* [ASSIGNMENT]:
Restate the listing that follows word for word, without its pictures.

* [DATASET EXCERPT]:
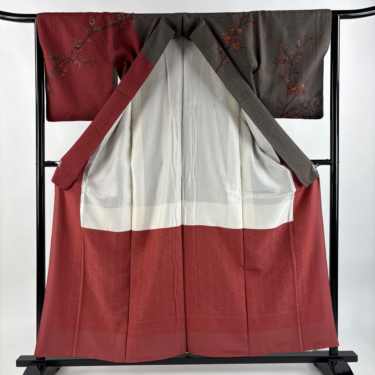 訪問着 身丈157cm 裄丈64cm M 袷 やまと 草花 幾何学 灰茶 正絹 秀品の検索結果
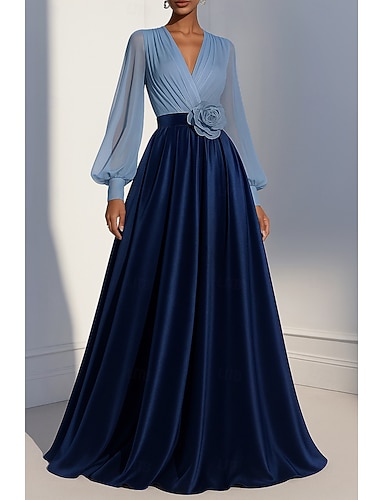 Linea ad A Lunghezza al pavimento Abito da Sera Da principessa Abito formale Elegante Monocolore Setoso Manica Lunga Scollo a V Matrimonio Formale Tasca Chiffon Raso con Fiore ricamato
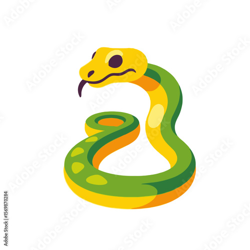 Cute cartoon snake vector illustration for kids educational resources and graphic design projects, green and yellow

* [YOUR RESPONSE]:
 訪問着 身丈157cm 裄丈64cm M 袷 やまと 草花 幾何学 灰茶 正絹 秀品の検索結果
 Linea ad A Lunghezza al pavimento Abito da Sera Da principessa Abito formale Elegante Monocolore Setoso Manica Lunga Scollo a V Matrimonio Formale Tasca Chiffon Raso con Fiore ricamato
 Cute cartoon snake vector illustration for kids educational resources and graphic design projects, green and yellow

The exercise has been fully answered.